Triangular and Odd Shapes

Although the hexagon is the rule, sometimes aerodynamic influences or growth dynamics create crystals that appear triangular or with uneven branch lengths. These are still rooted in the same six-fold chemistry but shaped by unusual conditions.

Complex and Irregular Forms

Not all snowflakes are perfect. Some crystals get jostled, melted, or bumped in the clouds, resulting in irregular, misshapen, or clustered forms. Others collect tiny droplets that freeze onto them, leading to rimed crystals or soft pellets called graupel.

Why So Many Shapes?

There’s no single “official” number of snowflake types as classification schemes vary. The 1951 International Classification system lists seven basic crystal types, which has expanded into dozens or even dozens of subtypes based on subtle differences in shape and structure.  All of these variations come from the fact that snow crystals grow slowly, molecule by molecule, as they move through different temperatures and humidity levels in a cloud. Tiny environmental changes cause the crystal to grow in different directions, making each snowflake a record of its journey through the atmosphere.

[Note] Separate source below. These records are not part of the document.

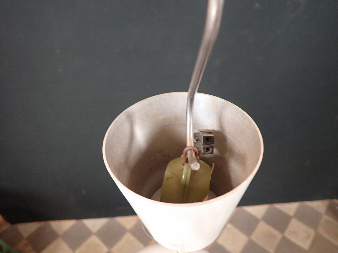 DetailansichtSchreibtischleuchte oder Tischleuchte aus den 50-er Jahren. Die waren schon sehr schick, die kleinen Tischlampen mit dem hutförmigen Metallschirm. Und praktisch...
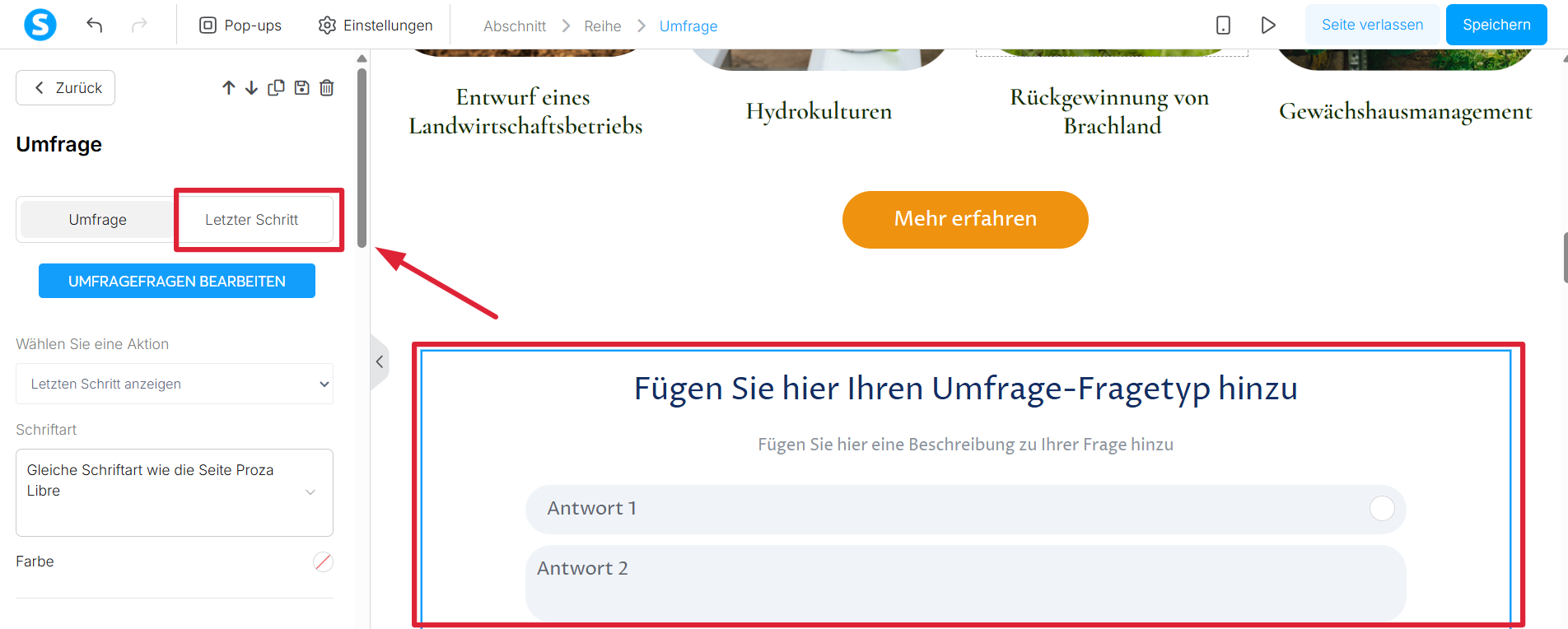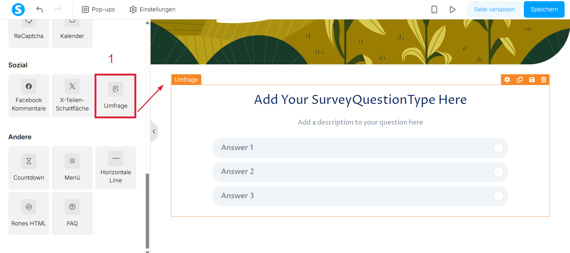 Ziehen Sie im Seiteneditor das Umfrage-Element aus dem linken Bereich und legen Sie es auf Ihrer Seite ab (1).
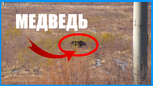 КРУПНЫЙ МЕДВЕДЬ НА БОЛОТЕ ЕСТ КЛЮКВУ.
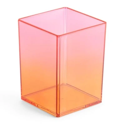 MODERN DESK CUBE Clear polystyrene with orange-red gradient finish. VERSATILE PENCIL HOLDER - Keep pens, pencils, brushes or small utensils tidy. FUNCTIONAL SIZE - Measures 75 x 101 x 75mm, designed to take up little desk space. STURDY & FUNCTIONAL Solid polystyrene offers durability and long time use. PVC Presentation Box Ideal as a gift or to keep the pen holder in perfect condition.
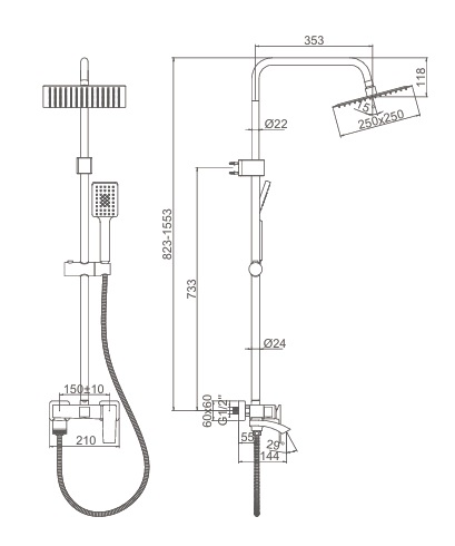 Душевая система со смесителем и тропическим душем встроенный в излив переключатель
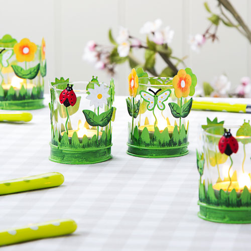Intrucat lumanarile nu trebuie sa lipseasca de la nicio masa festiva, este ocazia perfecta sa realizezi niste suporturi pentru lumanari, cu motive pascale. Foloseste niste pahare si picteaza diferite motive specifice. De asemenea, poti lipi diferite imagini sau poti imbraca paharele in sfoara. O alta propunere este sa realizezi ghirlande de mici dimensiuni, din crengi, care sa semene cu niste cuiburi si in interiorul carora sa amplasezi paharele cu lumanari.

Are Snowflakes Really All Unique?

You’ve probably heard the saying that no two snowflakes are alike. Is that actually true??? Well, yes, mostly. There are physical rules that limit how snowflakes can form. Scientists have identified common categories of snowflakes, so in that sense, the number of possible basic structures is limited.

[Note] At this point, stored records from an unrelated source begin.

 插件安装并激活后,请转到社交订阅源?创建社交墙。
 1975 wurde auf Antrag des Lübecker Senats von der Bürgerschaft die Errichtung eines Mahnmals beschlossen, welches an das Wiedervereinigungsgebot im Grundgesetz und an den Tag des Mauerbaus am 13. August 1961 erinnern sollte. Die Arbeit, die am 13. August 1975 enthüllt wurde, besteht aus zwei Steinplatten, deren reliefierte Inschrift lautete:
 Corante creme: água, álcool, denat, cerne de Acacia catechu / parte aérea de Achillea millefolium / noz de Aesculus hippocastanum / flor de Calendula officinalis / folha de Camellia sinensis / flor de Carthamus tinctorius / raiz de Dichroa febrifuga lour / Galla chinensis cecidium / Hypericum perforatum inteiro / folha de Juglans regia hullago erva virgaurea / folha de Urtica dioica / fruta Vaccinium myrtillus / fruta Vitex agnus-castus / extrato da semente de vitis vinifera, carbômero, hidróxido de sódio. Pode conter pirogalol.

However, the exact path a snowflake takes through a cloud is incredibly complex. Tiny differences in temperature and humidity at each moment of growth affect how water molecules attach to the crystal. Because a snowflake experiences millions of microscopic changes during its formation, the final result is extraordinarily unlikely to be duplicated exactly. So while snowflakes aren’t infinite in theory, in practice, the chances of two being perfectly identical are vanishingly small, especially at the level of detail visible under a microscope.

Why Is Snow White?

Snow is made of clear ice, so why doesn’t it look transparent? The answer lies in light scattering. Individual ice crystals are clear, but snow on the ground is made of millions of tiny crystals with air trapped between them. When sunlight hits snow, it enters the ice, bounces around between crystal surfaces, and reflects back out in all directions. Because all colors of visible light are reflected equally, our eyes perceive the result as white. This same light-scattering effect also explains why different forms of ice and snow can look so different in color. A solid ice cube appears clear because light can pass straight through it with very little scattering. Packed or dirty snow, on the other hand, looks gray because the light is absorbed or blocked by impurities and fewer wavelengths are reflected back to our eyes. Deep snow can even appear blue, especially in snowbanks or glaciers, because light traveling through thick layers of ice loses more of the slow moving red wavelengths, allowing the blue light to dominate

Beyond snowflakes themselves, snow offers countless opportunities to explore fascinating science concepts in meaningful, hands-on ways. Comparing snow, ice, and sleet helps children understand how different temperature layers in the atmosphere affect precipitation. Fresh snow also changes how sound travels by trapping air between ice crystals, which is why snowy landscapes often feel quiet and hushed. Even though it forms in cold conditions, snow acts as a natural insulator, protecting plants and animals underneath by keeping temperatures more stable. In some places, snow can even appear pink, red, or yellow due to cold-loving algae or by dust and pollution carried long distances through the atmosphere.

All of these phenomena make snow a perfect science topic for kids. It connects abstract ideas like molecular structure, energy transfer, and light behavior to something children can see, touch, and experience firsthand. Snow invites careful observation, pattern recognition, and curiosity-driven questions while naturally supporting cross-disciplinary learning in chemistry, physics, and Earth science. For parents and educators, snow is a powerful reminder that science doesn’t always require a lab or special equipment, sometimes, it’s falling quietly right outside your door.